Problem to work on =
Transcribe word for word the lines below from the line with "Stroj má rotační" through the line with "Здание занимает квартал", ends included.

Data for this exercise =
────────────────────

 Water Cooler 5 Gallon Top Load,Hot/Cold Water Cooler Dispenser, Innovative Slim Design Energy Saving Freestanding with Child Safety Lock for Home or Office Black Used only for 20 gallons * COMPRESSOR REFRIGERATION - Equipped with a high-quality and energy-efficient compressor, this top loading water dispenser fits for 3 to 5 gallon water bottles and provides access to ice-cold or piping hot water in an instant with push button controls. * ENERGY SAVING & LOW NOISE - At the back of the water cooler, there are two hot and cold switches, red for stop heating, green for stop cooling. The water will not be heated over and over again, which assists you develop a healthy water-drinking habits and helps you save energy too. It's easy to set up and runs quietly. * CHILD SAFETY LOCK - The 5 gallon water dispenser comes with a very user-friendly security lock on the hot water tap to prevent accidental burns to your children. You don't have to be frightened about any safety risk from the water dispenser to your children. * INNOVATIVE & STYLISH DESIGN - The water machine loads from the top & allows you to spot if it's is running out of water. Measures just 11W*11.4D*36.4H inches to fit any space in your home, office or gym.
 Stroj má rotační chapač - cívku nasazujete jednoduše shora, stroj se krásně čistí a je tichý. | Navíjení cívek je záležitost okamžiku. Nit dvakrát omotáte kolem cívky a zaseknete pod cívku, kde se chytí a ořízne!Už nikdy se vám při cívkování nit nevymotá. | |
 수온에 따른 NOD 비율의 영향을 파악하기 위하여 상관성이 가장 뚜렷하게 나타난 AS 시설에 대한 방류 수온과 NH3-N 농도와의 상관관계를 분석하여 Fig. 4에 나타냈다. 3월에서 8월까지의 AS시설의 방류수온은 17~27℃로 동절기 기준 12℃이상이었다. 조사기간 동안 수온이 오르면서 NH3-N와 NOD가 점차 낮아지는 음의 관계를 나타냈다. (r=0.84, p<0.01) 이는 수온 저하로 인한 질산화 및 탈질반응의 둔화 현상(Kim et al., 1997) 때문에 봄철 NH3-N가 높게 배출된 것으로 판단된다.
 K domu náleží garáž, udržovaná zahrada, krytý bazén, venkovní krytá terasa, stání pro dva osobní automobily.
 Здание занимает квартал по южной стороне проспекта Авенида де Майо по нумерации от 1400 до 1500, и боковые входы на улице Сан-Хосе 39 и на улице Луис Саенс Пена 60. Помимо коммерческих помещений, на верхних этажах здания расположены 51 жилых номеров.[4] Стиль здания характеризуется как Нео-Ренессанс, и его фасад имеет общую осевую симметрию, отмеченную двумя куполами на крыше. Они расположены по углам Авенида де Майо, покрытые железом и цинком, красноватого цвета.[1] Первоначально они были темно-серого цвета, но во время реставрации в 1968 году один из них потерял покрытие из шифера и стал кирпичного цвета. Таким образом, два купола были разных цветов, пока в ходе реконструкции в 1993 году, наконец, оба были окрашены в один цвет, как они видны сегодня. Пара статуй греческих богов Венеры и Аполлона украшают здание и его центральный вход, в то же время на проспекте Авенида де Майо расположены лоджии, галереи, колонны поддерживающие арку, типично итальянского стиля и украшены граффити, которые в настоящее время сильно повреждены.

────────────────────

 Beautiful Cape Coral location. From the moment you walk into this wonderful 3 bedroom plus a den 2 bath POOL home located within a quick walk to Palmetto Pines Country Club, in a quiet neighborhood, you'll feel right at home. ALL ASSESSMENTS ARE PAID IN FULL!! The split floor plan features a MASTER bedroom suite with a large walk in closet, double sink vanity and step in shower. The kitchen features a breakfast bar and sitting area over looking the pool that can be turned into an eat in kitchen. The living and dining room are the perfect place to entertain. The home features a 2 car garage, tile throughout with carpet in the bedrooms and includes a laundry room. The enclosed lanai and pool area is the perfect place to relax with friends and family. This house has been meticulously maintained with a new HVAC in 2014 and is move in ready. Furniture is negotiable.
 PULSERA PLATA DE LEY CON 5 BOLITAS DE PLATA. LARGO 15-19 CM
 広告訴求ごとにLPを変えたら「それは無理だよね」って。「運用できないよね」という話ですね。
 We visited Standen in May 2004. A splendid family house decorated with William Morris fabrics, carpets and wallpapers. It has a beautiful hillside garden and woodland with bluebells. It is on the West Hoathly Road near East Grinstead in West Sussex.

────────────────────

Output of the task =
 Stroj má rotační chapač - cívku nasazujete jednoduše shora, stroj se krásně čistí a je tichý. | Navíjení cívek je záležitost okamžiku. Nit dvakrát omotáte kolem cívky a zaseknete pod cívku, kde se chytí a ořízne!Už nikdy se vám při cívkování nit nevymotá. | |
 수온에 따른 NOD 비율의 영향을 파악하기 위하여 상관성이 가장 뚜렷하게 나타난 AS 시설에 대한 방류 수온과 NH3-N 농도와의 상관관계를 분석하여 Fig. 4에 나타냈다. 3월에서 8월까지의 AS시설의 방류수온은 17~27℃로 동절기 기준 12℃이상이었다. 조사기간 동안 수온이 오르면서 NH3-N와 NOD가 점차 낮아지는 음의 관계를 나타냈다. (r=0.84, p<0.01) 이는 수온 저하로 인한 질산화 및 탈질반응의 둔화 현상(Kim et al., 1997) 때문에 봄철 NH3-N가 높게 배출된 것으로 판단된다.
 K domu náleží garáž, udržovaná zahrada, krytý bazén, venkovní krytá terasa, stání pro dva osobní automobily.
 Здание занимает квартал по южной стороне проспекта Авенида де Майо по нумерации от 1400 до 1500, и боковые входы на улице Сан-Хосе 39 и на улице Луис Саенс Пена 60. Помимо коммерческих помещений, на верхних этажах здания расположены 51 жилых номеров.[4] Стиль здания характеризуется как Нео-Ренессанс, и его фасад имеет общую осевую симметрию, отмеченную двумя куполами на крыше. Они расположены по углам Авенида де Майо, покрытые железом и цинком, красноватого цвета.[1] Первоначально они были темно-серого цвета, но во время реставрации в 1968 году один из них потерял покрытие из шифера и стал кирпичного цвета. Таким образом, два купола были разных цветов, пока в ходе реконструкции в 1993 году, наконец, оба были окрашены в один цвет, как они видны сегодня. Пара статуй греческих богов Венеры и Аполлона украшают здание и его центральный вход, в то же время на проспекте Авенида де Майо расположены лоджии, галереи, колонны поддерживающие арку, типично итальянского стиля и украшены граффити, которые в настоящее время сильно повреждены.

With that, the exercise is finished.